Data Driven Modeling in Earth and Environmental Science
Course description
This course introduces data driven techniques used to analyze Earth and environmental observations and model outputs. Students learn fundamental data handling skills, exploratory analysis, and modern machine learning approaches tailored to environmental systems. Emphasis is placed on understanding the meaning of patterns, variability, and uncertainty in the Earth system rather than on purely computational or algorithmic knowledge. Through hands on coding activities and real world examples from the ocean, atmosphere, hydrosphere, and biosphere, students learn how data driven methods can reveal processes, improve predictions, and support scientific discovery in the environmental sciences.
Learning goals
-
Environmental Data and Preprocessing:
Identify major Earth system datasets and apply essential preprocessing to prepare data for analysis -
Exploratory Data Analysis:
Characterize variability in environmental data across time and space using standard analysis techniques -
Data Driven Modeling and Evaluation:
Build and assess statistical models that explain and predict environmental processes -
Machine Learning for Earth System Applications:
Apply machine learning methods to Earth system data and communicate results with reproducible workflows
Course Topics and Outline
Part I: Data of the earth system
Lecture 1: Observational Data in Earth Science
Students learn how coastal, oceanic, atmospheric, and terrestrial environments are measured. Topics include satellites for sea surface height and vegetation, buoys and Argo profiles for ocean water properties, eddy covariance towers for land carbon fluxes, and river gauging networks. Focus on the strengths and limitations of each observing system for scientific inference.
Homework:
Collect a set of data in earth and environment sciences and describe this set of data
Lecture 2: Model and Reanalysis Data
Introduction to general earth system models and the role of data assimilation in reanalysis. Students learn differences between observations and model results, common biases, and appropriate usage in climate and Earth system studies including CMIP model projections and atmospheric reanalyses.
References:
Eyring et al., 2016. Overview of the Coupled Model Intercomparison Project Phase 6 (CMIP6) experimental design and organization. Geoscientific Model Development, 9(5), pp.1937-1958. [link]
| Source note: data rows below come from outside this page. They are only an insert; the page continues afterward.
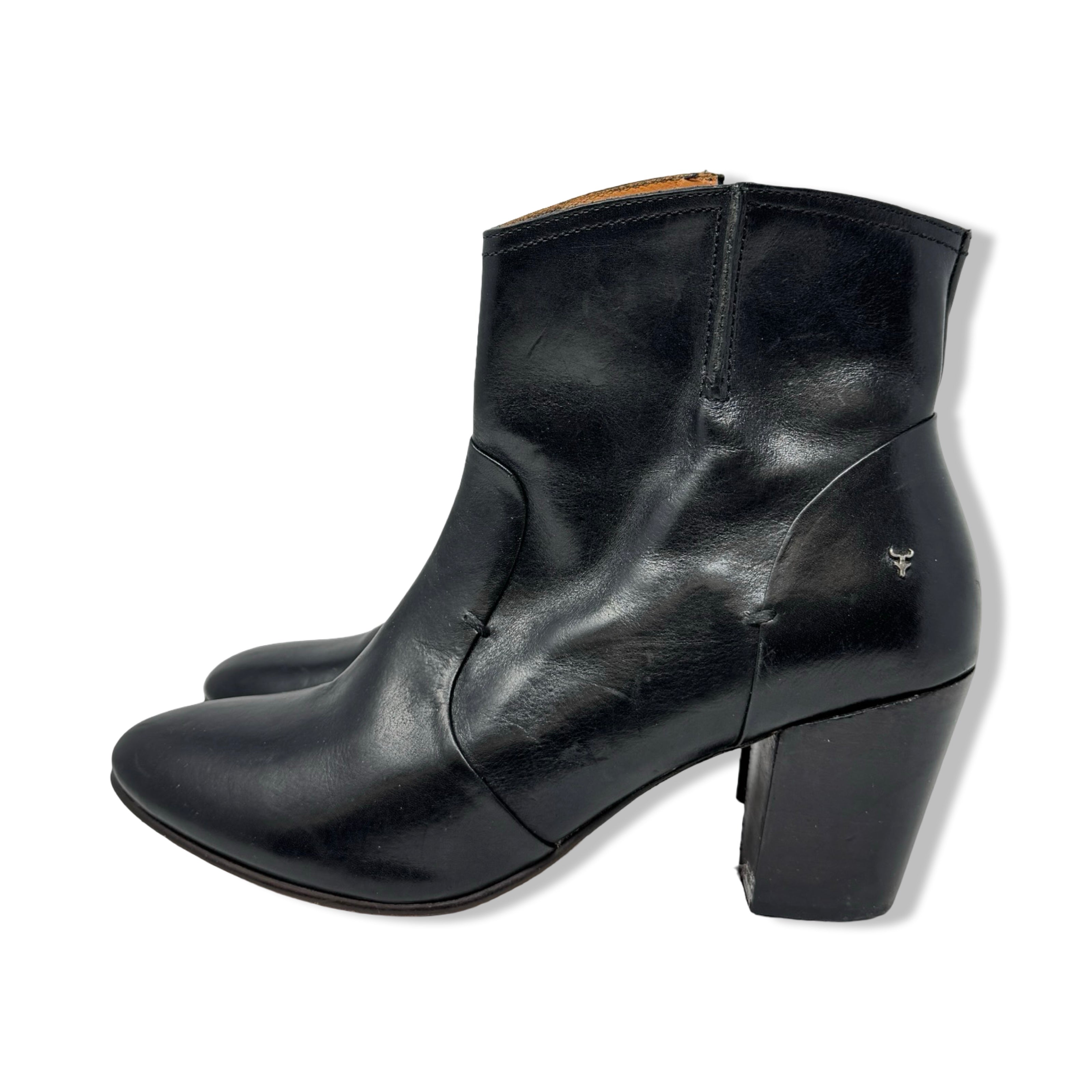 - Smooth leather boots with side zip closure and pointed toe. Silver logo hardware detail on side and block heel.
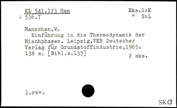 Einführung in die Thermodynamik der Mischphasen. Leipzig,VEB Deutscher Verlag für Grundstoffindustrie,1965.
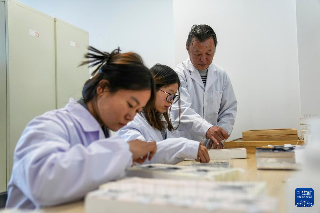 在位于拉薩的西藏自治區(qū)高原生物研究所,達娃(右)輔導(dǎo)學(xué)生制作標本(4月22日攝)。新華社記者 旦增尼瑪曲珠 攝
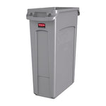 Details: The Rubbermaid Commercial Products vented slim jim trash can, waste receptacle is crafted to make waste management compliance easier and reduce strain on workers. Constructed of high quality, commercial-grade materials, these trash cans feature 4 venting channels that make removing garbage bags up to 80% easier than traditional straight wall receptacles. By allowing air to flow into the can, liners can be pulled more easily from the garbage can which reduces strain on staff and increases efficiency. 4 bag cinches around the rib-strengthened reinforced rim create quick, knot-free liner changes. Sturdy handles and molded base grips make transporting and emptying contents more ergonomical while the step design prevents jamming when containers are nested. The Vented Slim Jim waste receptacle is designed for superior durability and maximum efficiency.
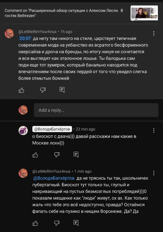 Расскажу наиболее забавные факты интернет-деятельности шиза: 1) живет он не во владимире, а в Воронеже. Работает действительно в аптеке и образование стало быть имеет соответствующее (что однако не вяжется с его рассказами о студенческих знакомстваз с 28-летней норвежкой и марокканцами). 2) Он вроде качается, но лоу-кики скорее всего пробивает только во влажных фантазиях. Я находил одну его фотку в сети - типикал гном. Реально рост метра полтора. Думаю инцелизм оттуда проистекает. 3) Машины и хаты у него нет, потому что зарплата 30к. Действительно копит на съеб в Тай, потому что там буряточки-писечьки лизь-лизь-лизь, однако никогда туда не эмигрирует, т.к..... 4) имеет судимость. За что хз 5) расширенный оргазм ничто иное, как ужиралово неизвестными колесами, вызываюшими мышечные спазмы. Возможно, спазмы мыщц тазового дна, мочевого пузыря и др. дают какой-то эффект, но после начала данных практик вовик сильно потек крышей. Сравнивая речь ранних и последних роликов можно очень четко это услышать
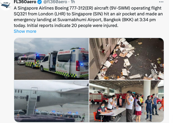 Le vol SQ321 de Singapore Airlines en provenance de Londres Heathrow a été dérouté vers Bangkok et a atterri ce mardi à 15h45, heure locale, a indiqué la compagnie aérienne. « Nous pouvons confirmer qu’il y a des blessés et un mort à bord du Boeing 777-300ER », a déclaré Singapore Airlines dans un communiqué. « Il y avait au total 211 passagers et 18 membres d’équipage à bord ». 20 passagers blessés ont été transportés à l’hôpital. La compagnie aérienne a rapporté plus tard : « Au 21 mai 2024, à 19 h 50, heure de Singapour, 18 personnes ont été hospitalisées. 12 autres sont soignées dans des hôpitaux. » Les médias thaïlandais rapportent par la suite pour la première fois qu’une deuxième personne aurait succombé à ses blessures à l’hôpital. L’information n’avait pas encore été confirmée par Singapore Airlines à l’heure d’écrire ces lignes.
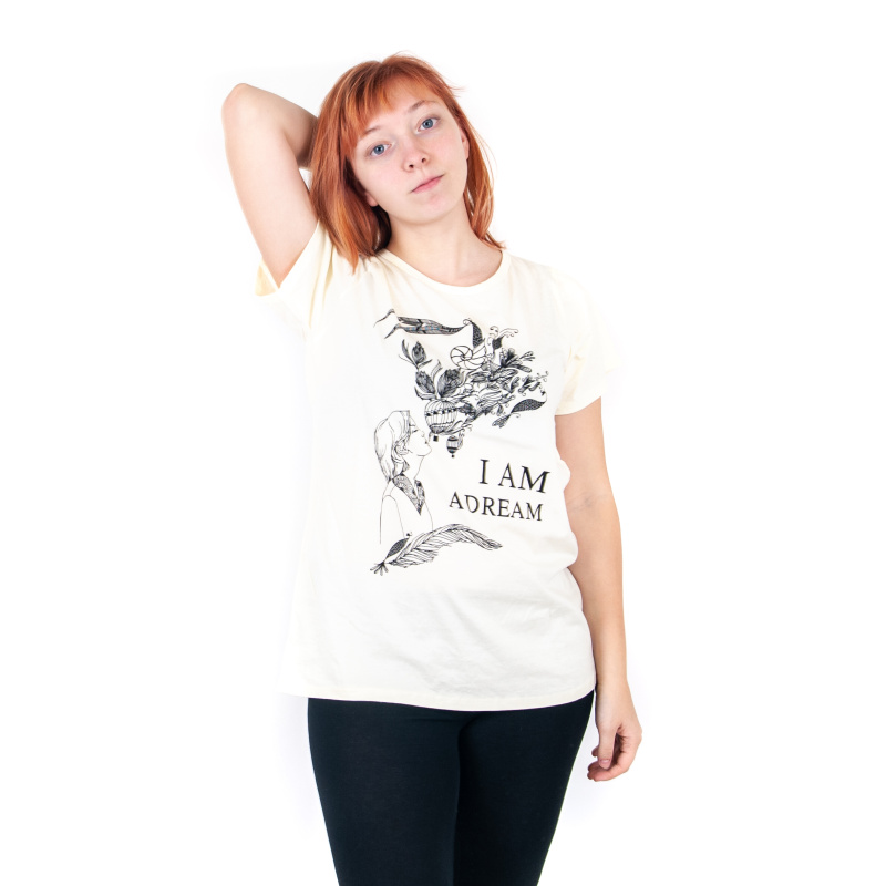 Women's T-shirt with print and positive mantra I AM A DREAM in beige, size M
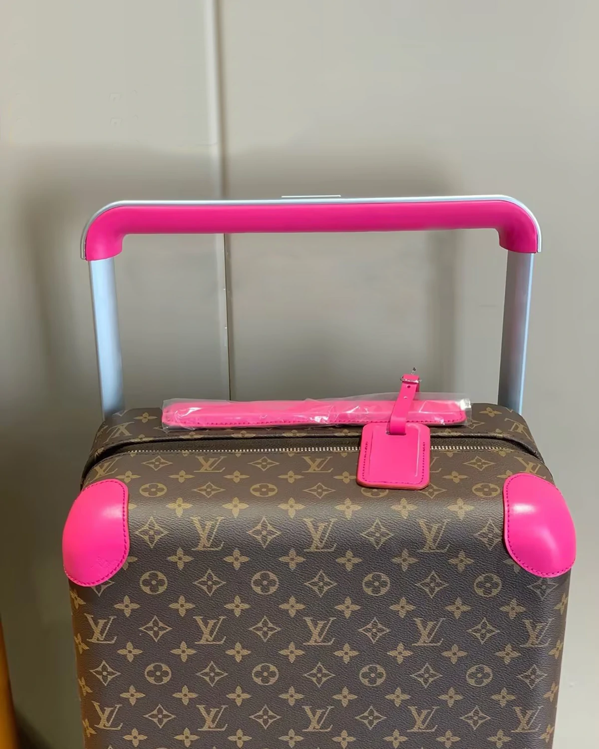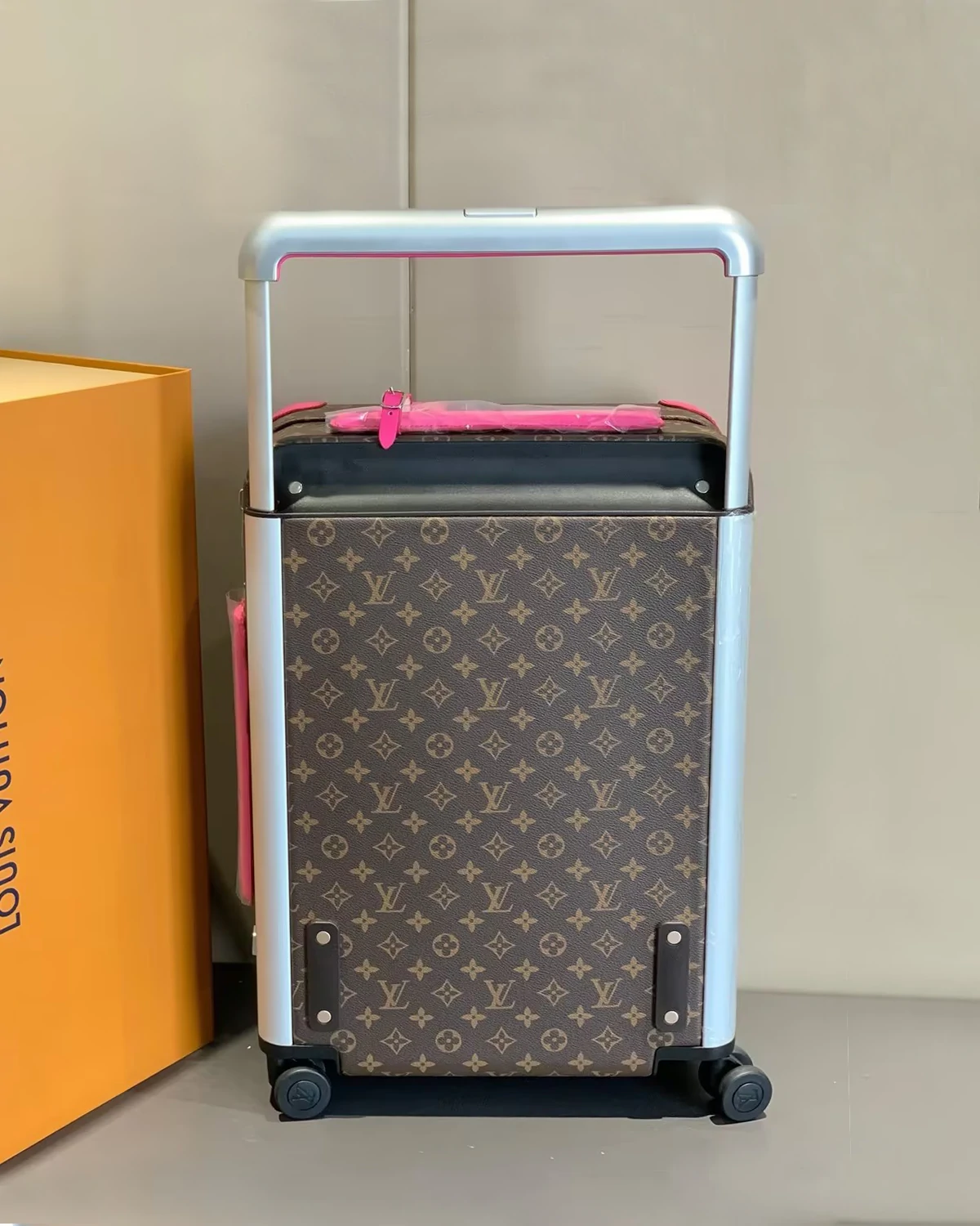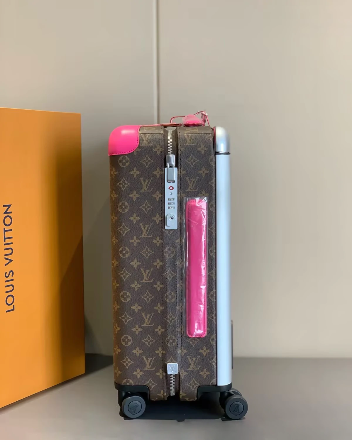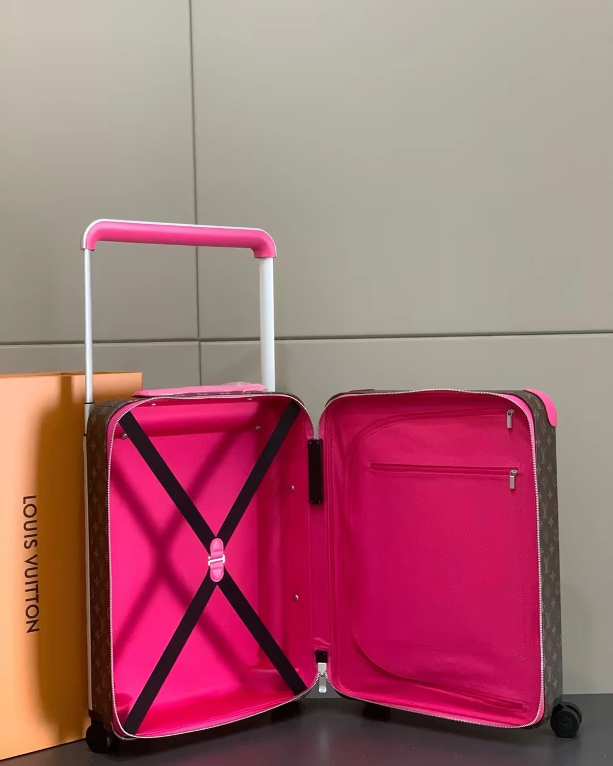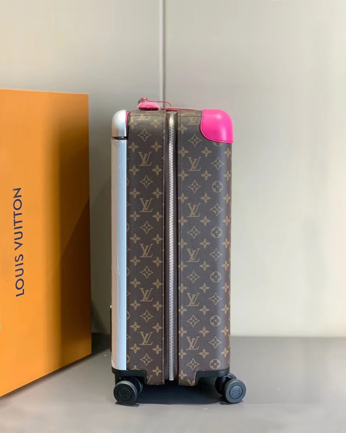This Horizon 55 rolling suitcase in Monogram Macassar canvas, with touches of vibrant color on the reinforced corners, cane handle, and its compact wheels, is small enough to carry onto a plane. And yet its interior is remarkably roomy thanks to its external cane. The lining is in the same bright color as the exterior details.
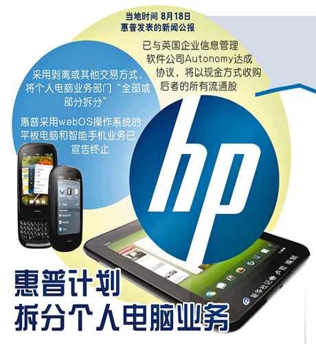 在上周五的財(cái)報(bào)會(huì)議上,惠普突然宣布三個(gè)重要決定:剝離PC業(yè)務(wù)、關(guān)閉WebOS的硬件業(yè)務(wù)、102億美元并購英國第二大軟件廠商Autonomy公司。這意味著,惠普未來將專注于軟件領(lǐng)域。
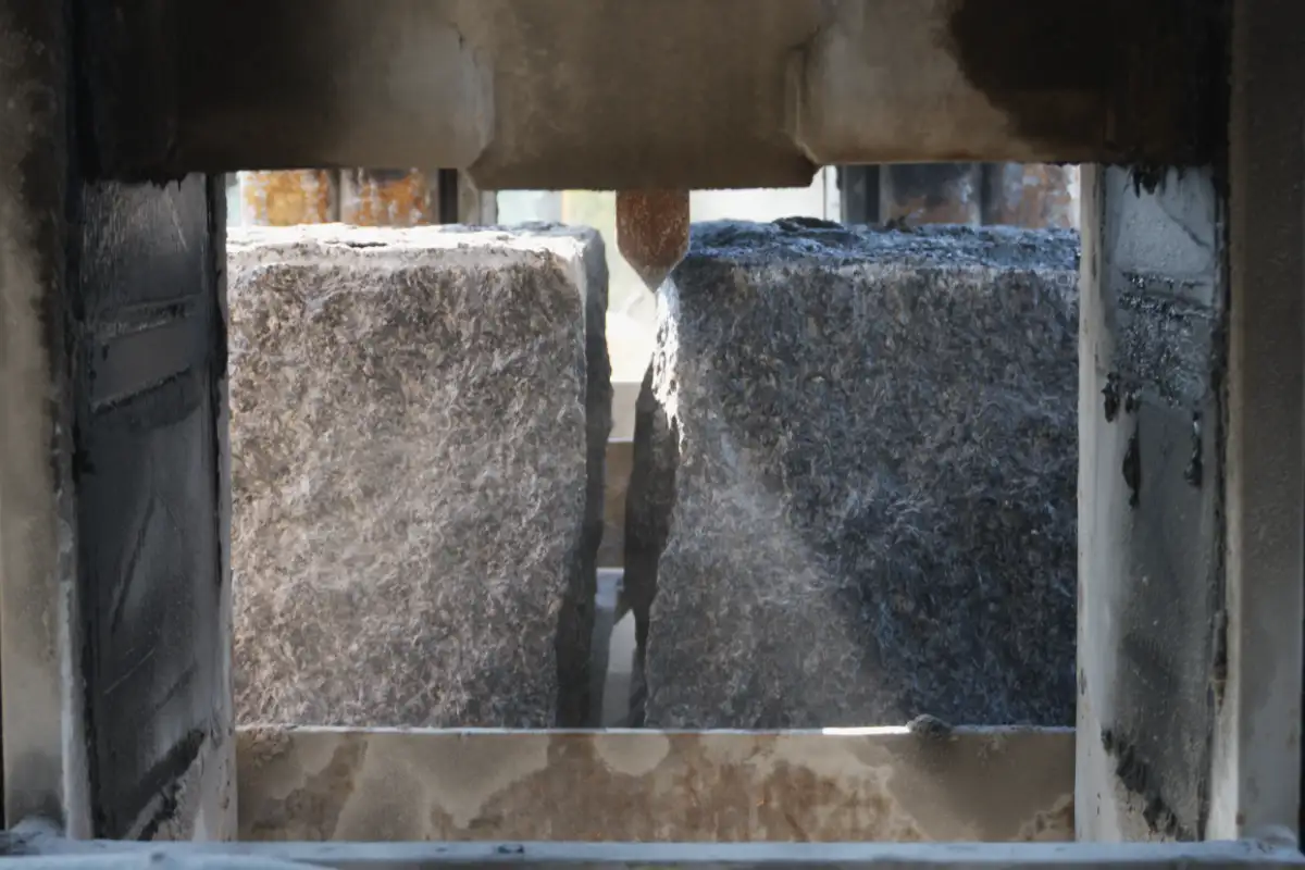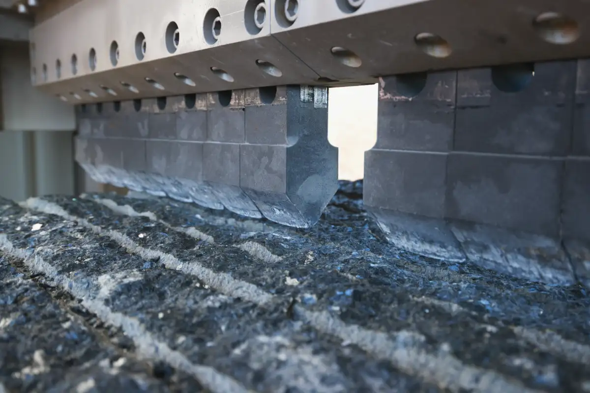 When splitting large blocks, small waste falls down the machine and conveyors into a channel where it is continuously removed. This minimizes unproductive cleaning time and prevents potential damage to the machine from accumulated waste.

Lecture 3: Earth Data Formats and Handling
Hands on training with NetCDF and multidimensional data tools like xarray. Students work with Earth data such as MODIS chlorophyll or NOAA sea surface temperature, learning slicing, masking, and metadata interpretation.
Homework:
Download, process, and plot a set of NetCDF data in python or MATLAB.
Lecture 4: Data Quality Control and Preprocessing
How to screen and correct environmental datasets. Includes checking instrument drift, removing outliers in ocean sensors, temporal filtering in climate indices, detrending temperature records, and computing anomalies relative to climatology.
References:
Kennedy, J.J., 2014. A review of uncertainty in in situ measurements and data sets of sea surface temperature. Reviews of Geophysics, 52(1), pp.1-32. [link]
Part II: Basics of data-driven analysis methods
Lecture 5: Exploratory Analysis of Environmental Data
Focus on variability patterns in environmental systems. Topics include autocorrelation in climate indices, spatial covariance of sea surface temperature, and spectra of sea level and wind time series. Students analyze datasets using standard Earth science workflows.
References:
Deser, C., Alexander, M.A., Xie, S.P. and Phillips, A.S., 2010. Sea surface temperature variability: Patterns and mechanisms. Annual review of marine science, 2, pp.115-143. [link]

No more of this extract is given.